Exploiting myoblast fusion process for muscle regeneration

Neuromuscular disorders affect millions of people worldwide. Now a discovery made opens the door to the development of targeted therapies.

The formation of muscles, a complex process, requires the action of specialized cells, the myoblasts. In order for skeletal muscle to develop and regenerate, myoblasts must align with each other, move towards each other, and touch each other until their membranes are joined. This is called the myoblast fusion stage and is the basis for the formation of muscle fibers.

During embryogenesis, myoblast fusion is crucial, with mutations in certain genes resulting in the extremely rare clinical myopathy called Carey-Fineman-Ziter syndrome.

In adults, an army of satellite cells is responsible for muscle growth and regeneration. In response to activation signals, satellite cells proliferate, differentiate and fuse to repair damaged myofibers. The proteins and signaling pathways that control this fusion are still being identified.

“Until recently, myoblast fusion was the subject of only basic research," said the author.

"We weren't interested in it in the context of disease; we didn't think it was possible to use this process to cure certain diseases. Yet, understanding in detail all the factors involved in this fusion could contribute to the development of targeted therapies."

Myoblast fusion include RAC1 and its activator DOCK1. In the current study the authors analyzed the contribution of the DOCK1-interacting ELMO scaffold proteins to myoblast fusion. When Elmo1−/− mice underwent muscle-specific Elmo2 genetic ablation, they exhibited severe myoblast fusion defects.

A mutation in the Elmo2 gene that reduced signaling resulted in a decrease in myoblast fusion. Conversely, a mutation in Elmo2 coding for a protein with an open conformation increased myoblast fusion during development and in muscle regeneration. The authors also showed that the dystrophic features of the Dysferlin-null mice, a model of limbgirdle muscular dystrophy type 2B, were reversed when expressing ELMO2 in an open conformation.

"We also observed that this mouse model, when crossed with a mouse modeling limb-girdle muscular dystrophy 2B, can improve disease phenotypes," said the author.

The new data therefore provide direct evidence that the myoblast fusion process could be exploited for regenerative purposes and to improve the outcome of muscle diseases.

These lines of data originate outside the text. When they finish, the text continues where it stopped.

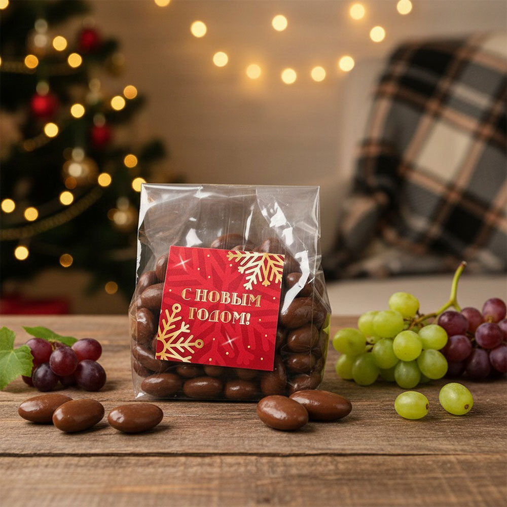 Состав: сахар, тертое какао, масло какао, сыворотка молочная сухая, пахта сухая, эмульгатор (лецитин соевый); начинки – сахар, патока, виноград сушеный, какао-порошок, ароматизаторы, декор – глазирователь (капол). Внимание! Продукция производится на предприятии, где используются арахис, кунжут, орехи, яичные и молочные продукты, злаки, содержащие глютен.
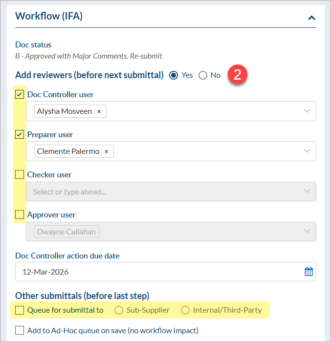 For example, if the doc controller role completed their action(s) on September 1st, the action due date for the next role (i.e., the engineer) would be set to 5 days later (September 6th).
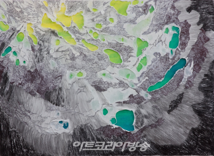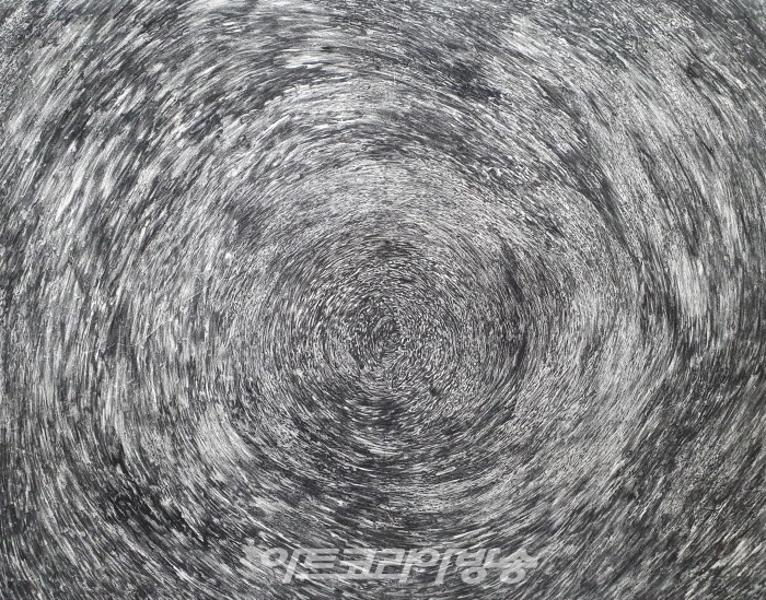 김준후는 개인의 감정의 격차를 목탄을 사용하여 소용돌이치는 변화를 보여주며 진정한 행복이란 무엇인지를 보여준다.
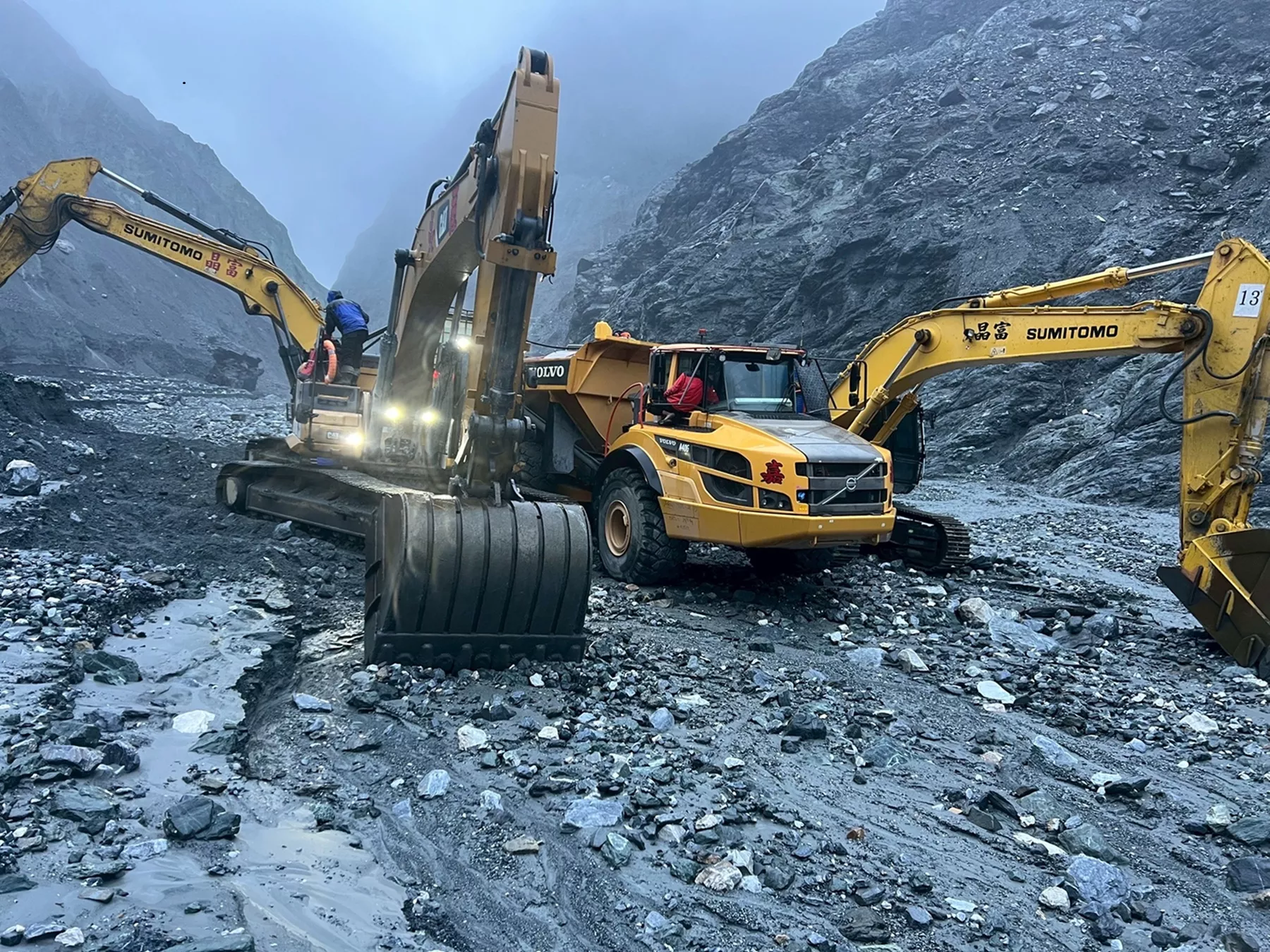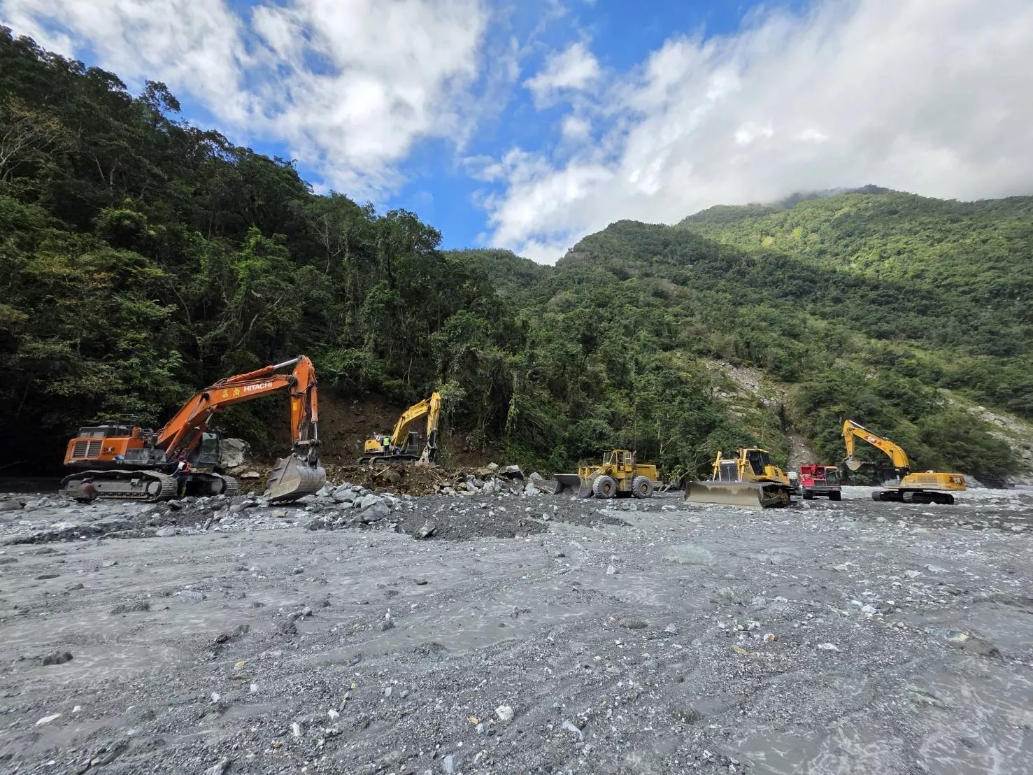 而施工人員原定下撤路線,因11日在距離溢流口下游1.5公里的V型河谷邊坡發生約18公頃土石崩坍,滑落土體擠壓河道,造成河道束縮,影響施工人員下撤安全。花蓮分署說明,為以備日後不時之需,所有施工機具仍暫時留置堰塞湖壩區現場,未來也將在汛期前進行相關防減災工作,降低下游風險。
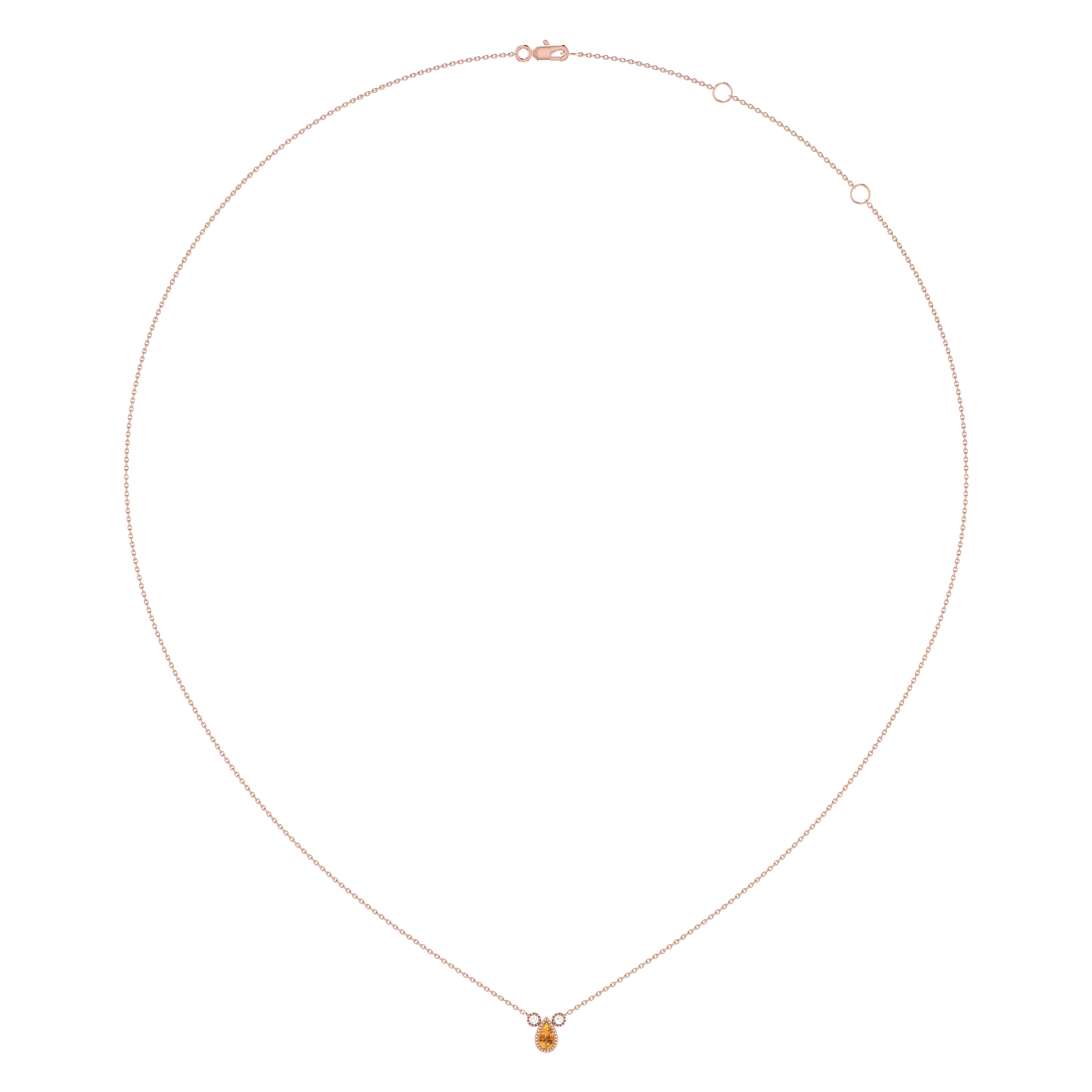 Crafted in 14K Rose Gold, this necklace features a pear shaped citrine gemstone (5 by 3 mm), along with 0.04 carats of genuine, natural diamonds in a bezel setting.
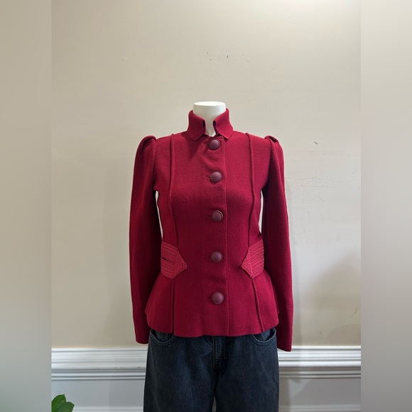 | Characteristics of goods | Material: 50% wool, 50% acrylic Measurements: shoulder to shoulder 13”, pit to pit 17”, sleeve length 23”, length 23”, Emporio Armani Sweater with collared and button closure front.Excellent condition. | ||
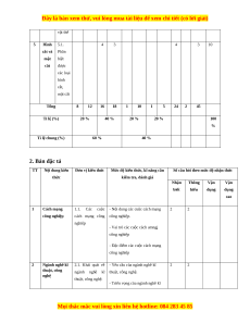 Mức độ nhận thức Tổng % T dung kiến tổng kiến thức Nhận biết Thông hiểu Vận dụng Vận dụng Số CH Thời điểm thức cao gian (phút ) Số Thời Số Thời Số Thời Số Thời T T C gian C gian C gian C gian N L H (phút H (phút H (phút H (phút ) ) ) ) 1 Cách 1.1. 2 3 2 3 4 6 10 mạng Các công cuộc nghiệ cách p mạng
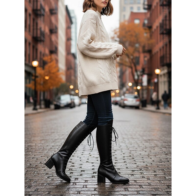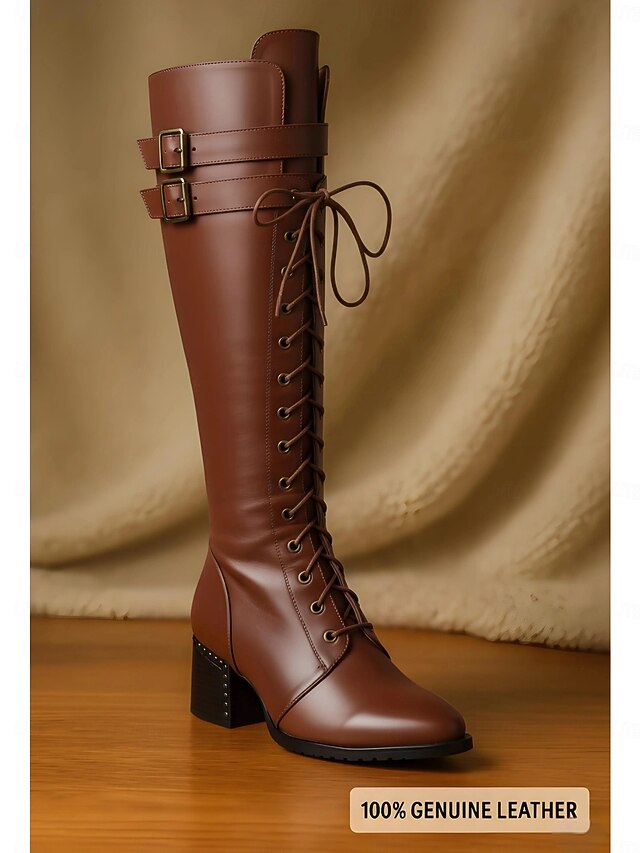 This Women's Genuine Leather Knee High Boots, Premium Cowhide Material, Lace-Up and Buckle Detail, Block Heel, Urban Casual Fashion Footwear for Women combines elegant design with practical functionality. Every detail has been carefully considered to ensure you get the ultimate possible experience. The top-grade construction means this product will serve you well for years to come.
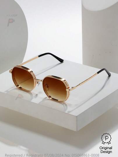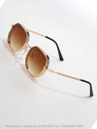 015068863-0009-SX2358 قطعة واحدة من النظارات المعدنية الهندسية الرجالية/النسائية ، ذات طراز شارع عصري للاستخدام الداخلي/الخارجي باللون الأسود والذهبي والفضي والبني ، مناسبة لجميع المواسم ، إطار سميك مع تصميم فتحات التهوية ، تأتي مع جراب من الجلد أو الورق

In the long term, this research shows, increasing cell fusion could "repair" muscles in other types of muscular dystrophy, such as Duchenne (occurring in 1 in 4,000 boys) or other severe conditions, such as cachexia (secondary muscle breakdown due to various diseases and some forms of cancer).

The potential to manipulate the myoblast fusion step will undoubtedly be the subject of future studies, said the researchers.